Side Effects of Duphaston
The preparation is quickly digested by the gastrointestinal tract after intake and the greatest concentration of blood in plasma reaches in 2 hours. Thus it does not change indicators of a correlogram of blood, does not break the function of the liver. The preparation selectively influences on the endometrium, normalizing its condition, does not break menstrual function, does not suppress ovulation, enlarges the possibility of conception, and warns the threat of abortion. It is from an organism through kidneys.
In some cases are possible such undesirable phenomena as headache, anemia, general weakness, pains in the field of a stomach, dermal allergic reactions, puffiness.

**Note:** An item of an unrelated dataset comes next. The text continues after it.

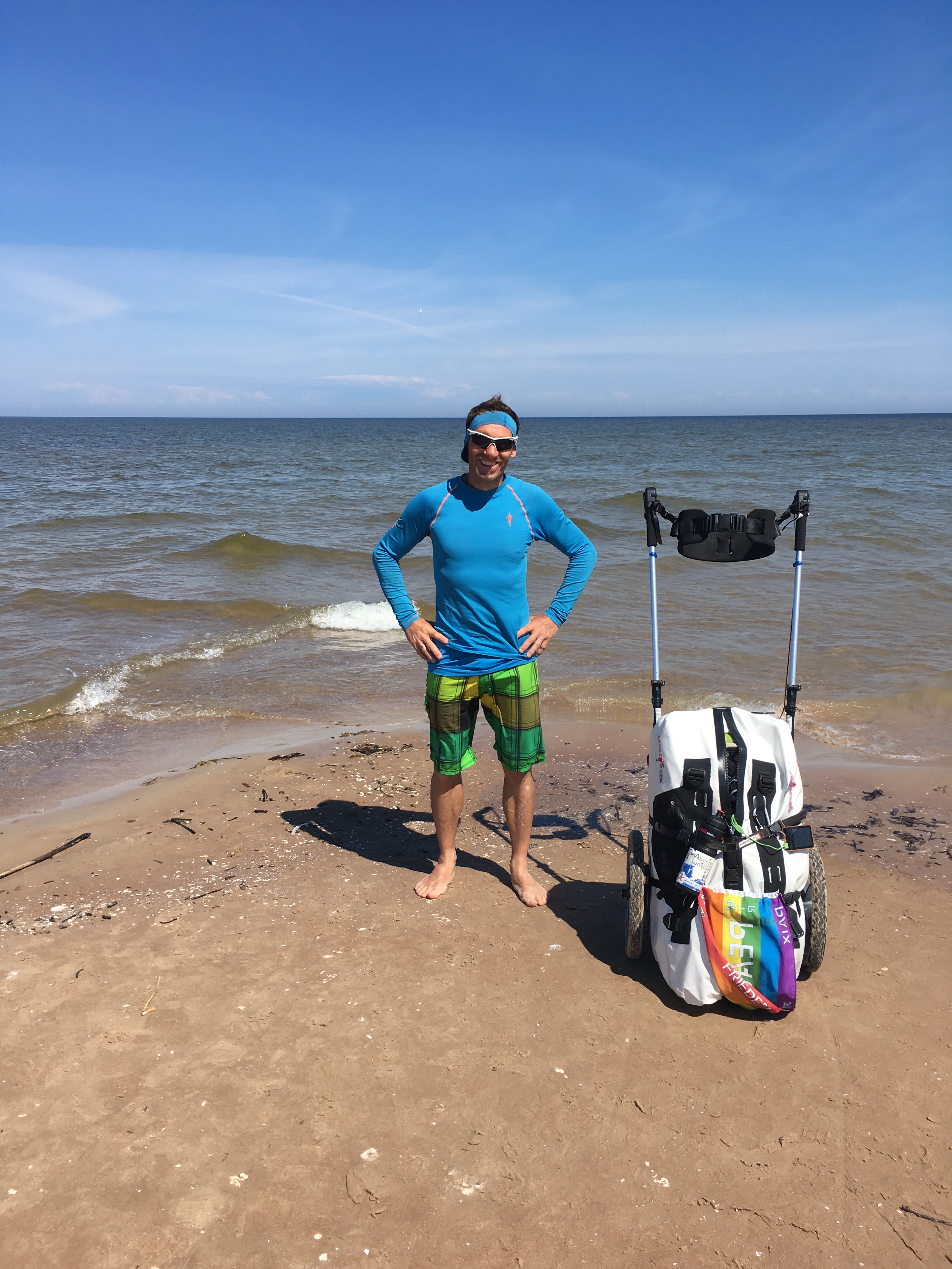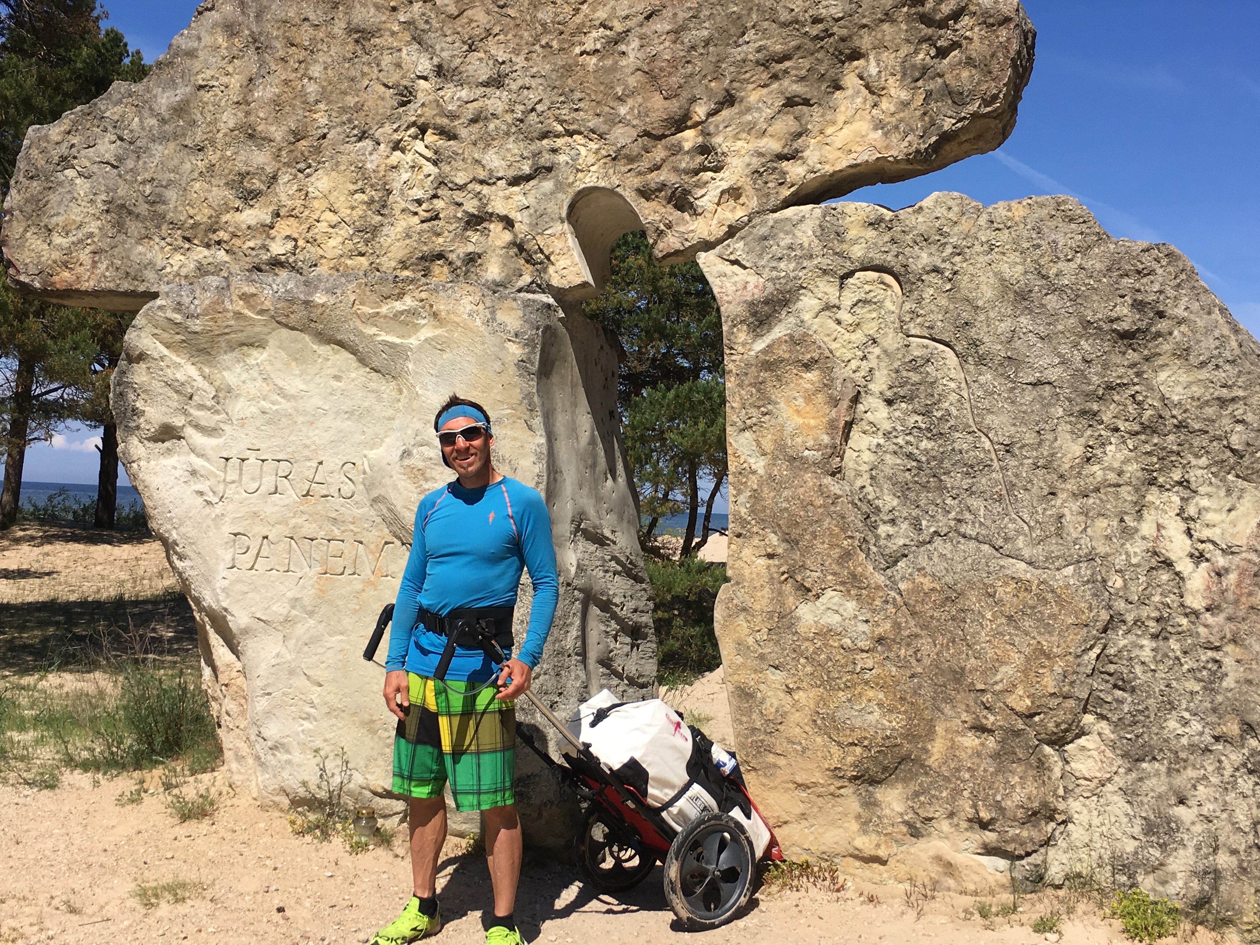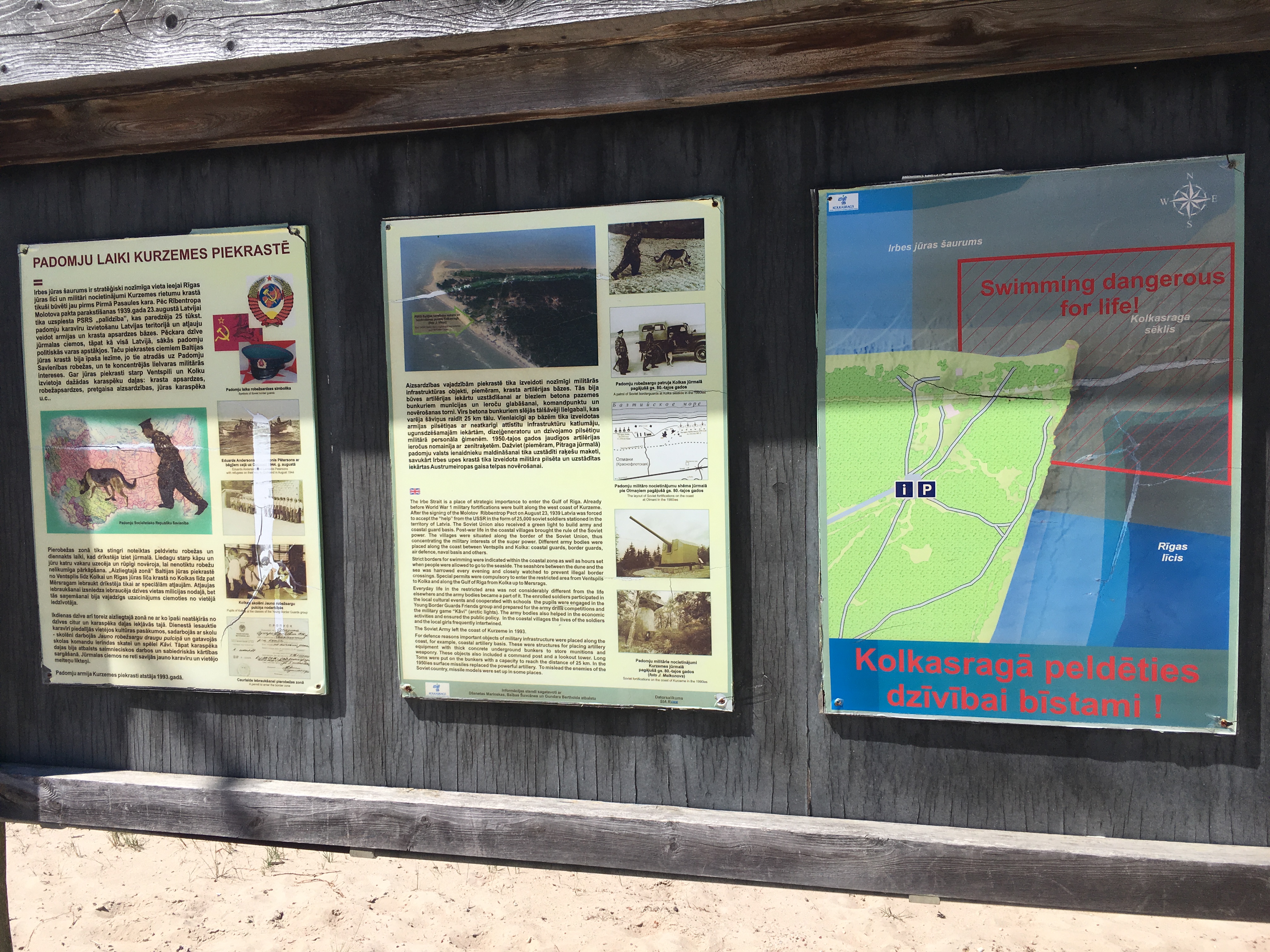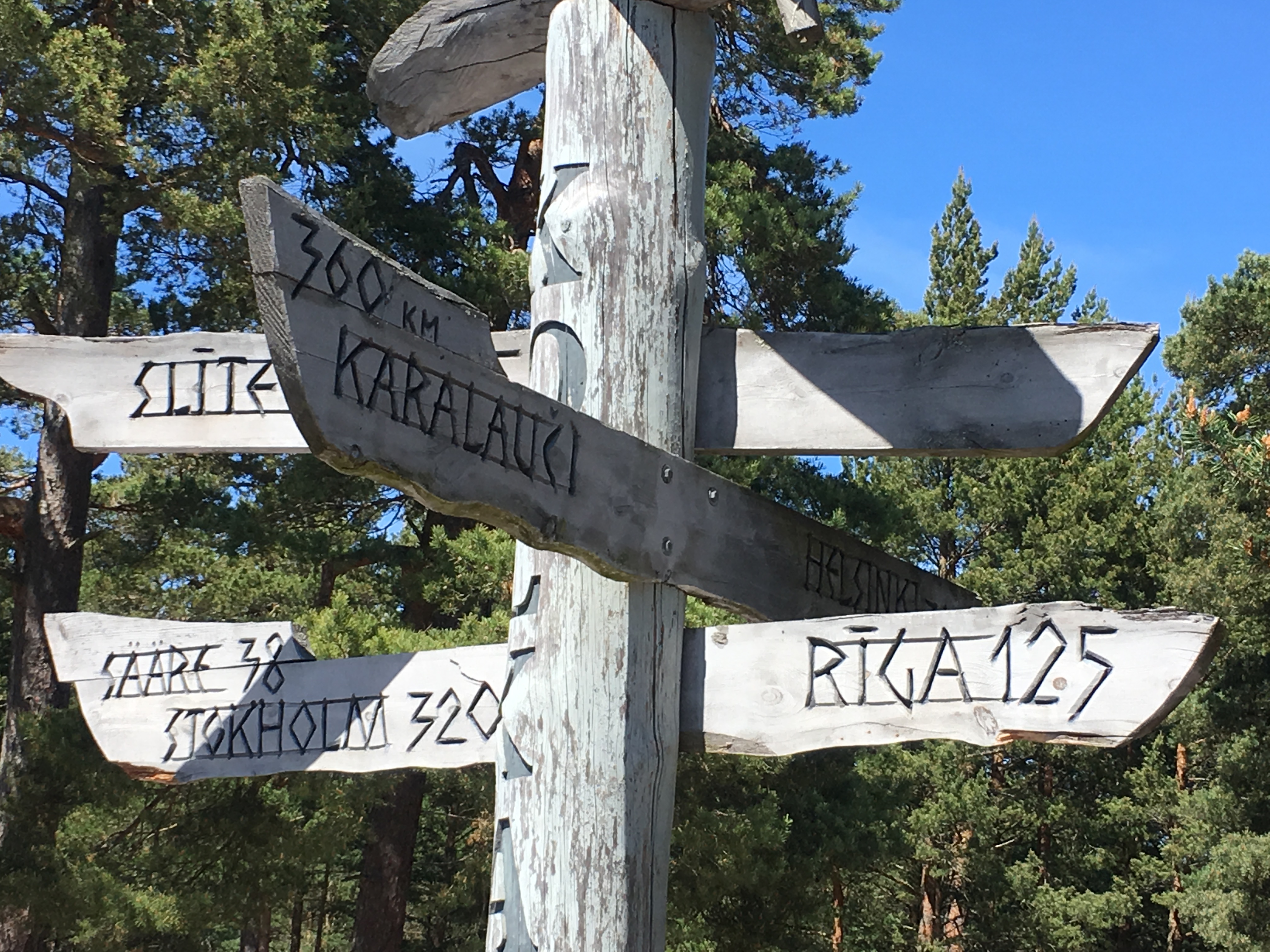 Und dann habe ich Kap Kolka erreicht! Diese exponierte Landspitze ist noch auf der Weltkarte zu erkennen. Sie teilt die Rigaer Bucht von der offenen Ostsee. Die Strömungen sind sehr stark und deshalb wäre schwimmen hier lebensgefährlich. Ich bin sehr glücklich, hier zu sein. Ich lasse mich fotografieren direkt an der Spitze und vor dem Denkmal für die „auf See gebliebenen“.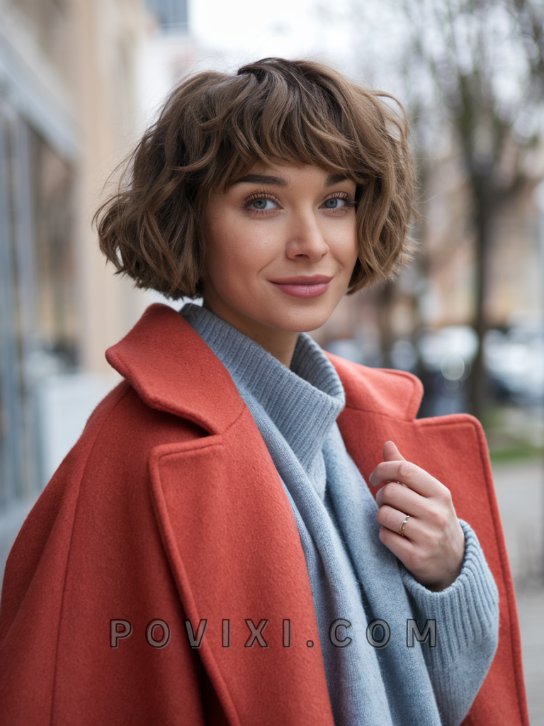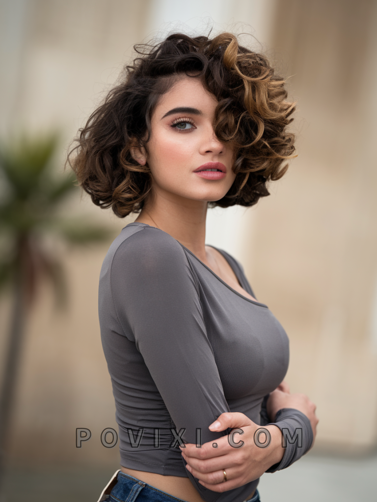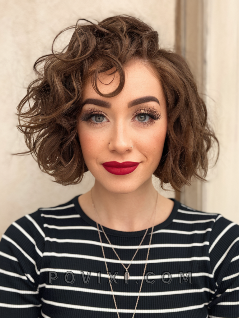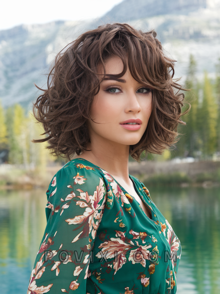 A shoulder-length curly bob exudes elegance and versatility, offering just the right balance between short and long. Perfect for formal events or a laid-back weekend, this hairstyle is ideal for those who love medium-length cuts with a touch of glam. It suits all face shapes but looks exceptionally striking on oval or heart-shaped faces, highlighting cheekbones beautifully.

Duphaston is contraindicative in case of hypersensibility to components of a preparation and breat feeding is not desirable during treatment.
Application of Duphaston
Treatment of all cases of endogenous progestin failures:
- endometriosis;
- sterility, connected with lutein insufficiency;
- habitual and menacing abortion, associated with proved progestin insufficiency;
- premenstrual syndrome;
- dysmenorrhea;
- secondary amenorrhea (in combination with estrogens);
- irregular menstrual cycle;
- dysfunctional uterine bleedings;
- for neutralization of proliferative effect of estrogens on endometrium within the limits of replaceable hormonal therapy at women with the disorders bound by natural or surgical menopause at an intact uterus.
Contraindications for Duphaston
- Dubin-Johnson syndrome;
- Rotor syndrome;
- The raised susceptibility to the components of the preparation.
Application of Duphaston is possible at pregnancy under indications.
Dydrogesterone is discharged with breast milk. At the reception of preparation during feeding, it is recommended to consider the problem of termination of breastfeeding.
Special References & Indications
Before the beginning of carrying out of replaceable therapy, it is necessary to spend medical examination and gynecologic survey. Regular carrying out of mammography is recommended. Abnormal bleedings and the pathological changes observed at the gynecologic survey may form the basis for studying of the endometrium.
It is necessary to prescribe Duphaston with care in a combination with estrogens to patients’ infringements of the function of kidneys, cardiovascular diseases, diabetes, epilepsy, migraine.